Automation will make your operation more resilient in times of high volume. Without an automated solution, a single breach can quickly overwhelm dispute-management processes that rely on multiple manual touch points.

It’s also crucial to cross-train your back-office staff and distribute duties to help avoid bottlenecks or delays when an unexpected absence takes key personnel out of the office for extended periods. Relying on one person to manage all of your dispute processes creates significant operational risk.

  1. Gain insights through reporting and analysis

The ability to track and report on dispute activity is imperative. This is very difficult with Excel and other traditional solutions. FIs should be able to create reports on both fraud and non-fraud disputes, including adjustment-transaction reporting for both current-day and historical activity with a simple yet comprehensive tool.

An FI’s dispute-management process should also support management oversight by allowing visibility into your fraud volume, including automated alerts for dramatic changes in activity like sudden increases.

Traditional dispute management doesn’t do much to shed light on the financial impact of fraud. The right technology will track the outcome of a dispute at the transaction level, helping management understand and monitor fraud losses—which is crucial in the face of a significant breach. Furthermore, understanding the fraud activity associated with each data breach is valuable when trying to grasp the magnitude of the event and its impact on the FI.

  1. Maintain compliance

Automating dispute processes can help ensure your FI remains compliant with both Reg E (for debit cards) and Reg Z (for credit cards). Your dispute-administration solution should include comprehensive compliance reporting to provide a full audit of all activity. Anything less leaves you at risk.

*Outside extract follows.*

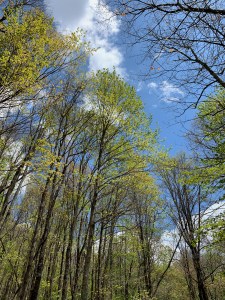 Nothing prettier than the green leaves of the trees against the backdrop of a blue sky.
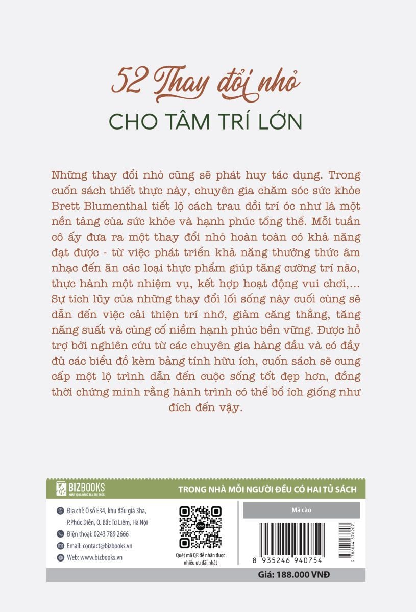 Chuyên gia chăm sóc sức khỏe Brett Blumenthal tiết lộ cách trau dồi trí óc như là một nền tảng của sức khỏe và hạnh phúc tổng thể. Mỗi tuần cô ấy đưa ra một thay đổi nhỏ hoàn toàn có khả năng đạt được - từ việc phát triển khả năng thưởng thức âm nhạc đến ăn các loại thực phẩm giúp tăng cường trí não, thực hành một nhiệm vụ, kết hợp hoạt động vui chơi,... Sự tích lũy của những thay đổi lối sống này cuối cùng sẽ dẫn đến việc cải thiện trí nhớ, giảm căng thẳng, tăng năng suất và cùng cố niềm hạnh phúc bền vững. Được hỗ trợ bởi nghiên cứu từ các chuyên gia hàng đầu và có đầy đủ các biểu đồ kèm bảng tính hữu ích, cuốn sách sẽ cung cấp một lộ trình dẫn đến cuộc sống tốt đẹp hơn, đồng thời chứng minh rằng hành trình có thể bổ ích giống như đích đến vậy.

Even if you’ve never had a compliance violation, outdated procedures pose operational risk that can—and will—be exposed when there is a significant influx in fraud due to a breach.

  1. Upgrade your technology

A technology solution that integrates with your core, card processor, customer-service portal, and other archives and tools can help you leverage existing data to streamline dispute processes and reduce the effort to resolve disputes.

In addition, consider the pros and cons of in-house dispute-management software versus the software-as-a-service (SaaS) model. The former might feel safer or more reliable, because all data remains on your network, but robust SaaS processing has become a secure and accepted option. Many factors play into this discussion, including technical expertise and systems-integration requirements.

For the vast majority of community FIs, the dispute-resolution process is in dire need of an overhaul. It’s time to leverage technology to more efficiently and accurately manage disputed transactions. Fraud is an unpleasant reality, and will continue to be so for the foreseeable future. But the workload fraud creates doesn’t have to be as unpleasant or unmanageable as it is today. It’s time to tame the beast!

—Brad Johnson is director, solutions consulting, at Centrix Solutions Inc., Lincoln, Neb., a unit of Q2 Software Inc., Austin, Texas.